10.      MISCELLANEOUS.

         10.1     TIME OF ESSENCE. Time is of the essence of this Agreement.

         10.2     NO OTHER REPRESENTATIONS. The Parties acknowledge that, except
as expressly set forth in Sections 2 and 3 and in the Ancillary Agreements,
neither Party has made or is making any representations or warranties whatsoever
to the other, implied or otherwise.

         10.3     KNOWLEDGE. Neither Party will be deemed to have breached any
representation or warranty that is made to such Party's "knowledge" unless an
officer of such Party with the rank of Vice President or above has actual
knowledge, as of the date of this Agreement, that such representation or
warranty is materially inaccurate.

         10.4     ACCESS OF SELLER TO BOOKS AND RECORDS. At all times after the
Closing Date, Purchaser will give Seller and Seller's advisors and
representatives reasonable access to all books and records of Seller that are
included in the Specified Assets (to the extent such books and records relate to
any period prior to the Closing Date).

         10.5     GOVERNING LAW. This Agreement will be construed in accordance
with, and governed in all respects by, the laws of the State of Colorado
(without giving effect to principles of conflicts of law).
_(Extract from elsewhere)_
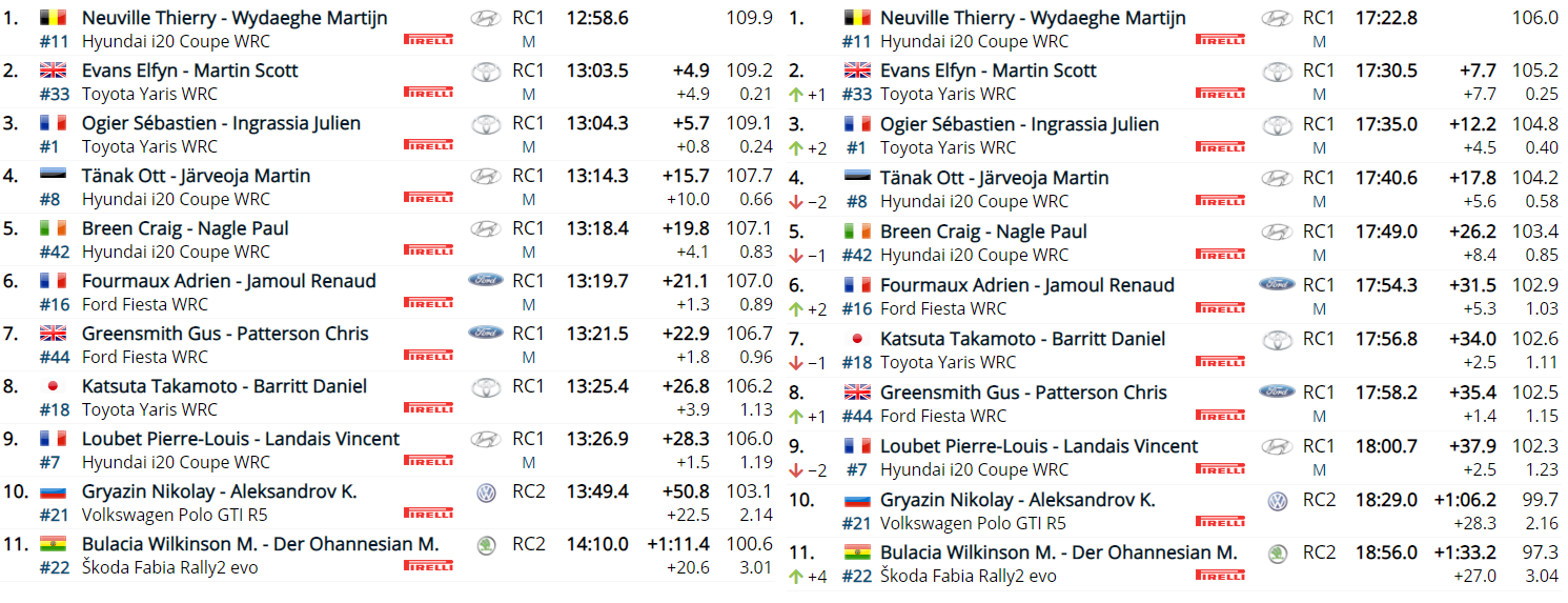 A dupla Thierry Neuville/Martijn Wydaeghe (Hyundai I20 Coupé WRC) está a começar o dia da melhor maneira, tendo liderado a SS2 e alargado as distâncias para a concorrência. Neuville tem agora 7.7 segundos de avanço sobre Elfyn Evans/Scott Martin (Toyota Yaris WRC) que subiu à segunda posição da geral. Quem começa a recuperar tempo também é Sébastien Ogier/Julien Ingrassia (Toyota Yaris WRC) que depois do furo na SS1 tentar aproximar-se do líder, enquanto Ott Tänak/Martin Järveoja (Hyundai I20 Coupé WRC) escorregou até a quarta posição.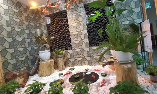 “听风听雨听瀑布,蝉鸣鸟语享人生”。民宿位于贵州省安顺市国家5A级黄果树风景名胜区核心区域,毗邻黄果树大瀑布景点与天星桥景点,从民宿前行可以抵达上帝之眼(霞客观瀑台),从陡坡塘瀑布步行15分钟就能抵达民宿。民宿依山而建,环林而生,可闻瀑声,可享登高。其傍身于壮美大瀑布,沐浴于金街银雨中,浸泡在负氧离子里,包裹在密林蝉语中,轻奢休闲的配属了各类客房(大部份设计成大空间卫生间)及相配套的自助歺厅、休闲茶室、娱乐包房、亲子空间、文化书吧和免费停车场(配有充电桩),除提供洗衣晒衣和洗车设施外,还提供全天候大瀑布景区内接送服务。为减少装修污染源,室内采用简洁新中式原木风格,是一个配套全实木家俱(艾草助眠3D席梦思)的轻奢民宿。

         10.6     VENUE AND JURISDICTION. If any legal proceeding or other legal
action relating to this Agreement is brought or otherwise initiated, the venue
therefor will be in the State of Colorado, which will be deemed to be a
convenient forum. Purchaser and Seller hereby expressly and irrevocably consent
and submit to the jurisdiction of the state and federal courts in the State of
Colorado.

         10.7     NOTICES. Any notice or other communication required or
permitted to be delivered to either Party under this Agreement must be in
writing and will be deemed properly delivered, given and received when delivered
(by hand, by registered mail, by courier or express delivery service or by
facsimile) to the address or facsimile telephone number set forth beneath the
name of such Party below (or to such other address or facsimile telephone number
as such Party shall have specified in a written notice given to the other
Party):

                           if to Purchaser:

                  OSI Pharmaceuticals, Inc.
                  58 South Service Road
                  Melville, New York 11747
                  Attention:  Barbara Wood, General Counsel
                  Facsimile:  (631) 962-2021


                                       22

                           with a copy to:

                  Mintz Levin Cohn Ferris Glovsky & Popeo, PC
                  666 Third Avenue
                  New York, New York 10017
                  Attention:  Joel Papernik
                  Facsimile:  (212) 983-3115

                           if to Seller:

                  Gilead Sciences, Inc.
                  333 Lakeside Drive
                  Foster City, CA 94404
                  Attention:  Gregg Alton, General Counsel
                  Facsimile:  (650) 522-5537

                           with a copy to:

                  Cooley Godward LLP
                  Five Palo Alto Square
                  3000 El Camino Real
                  Palo Alto, CA 94306
                  Attention:  Robert Jones
                  Facsimile: (650) 849-7400

         10.8     PUBLIC ANNOUNCEMENTS. Except as may be required by any Legal
Requirement, neither Party will (and neither Party will permit any of its
advisors or representatives to) issue any press release or make any public
statement regarding this Agreement or any of the transactions contemplated by
this Agreement, without the other Party's prior written consent (which will not
be unreasonably withheld).

         10.9     ASSIGNMENT. Neither Party may assign any of its rights or
delegate any of its obligations under this Agreement (whether voluntarily,
involuntarily, by way of merger or otherwise) to any other Person without the
prior written consent of the other Party; provided, however, that Seller may,
before or after the Closing, (i) assign to any Person its right to receive all
or any portion of any of the cash payments to be made by Purchaser pursuant to
Section 1.3 and (ii) assign, to any Person that assumes the applicable
obligations of Seller under the Investor Rights Agreement, any or all of
Seller's rights to receive the Initial Shares or any Subsequent Shares; and
provided further, that (without limiting Purchaser's obligations under or
relating to this Agreement) Purchaser may, before the Closing, assign its right
to receive all or any of the Specified Assets to an affiliate of Purchaser.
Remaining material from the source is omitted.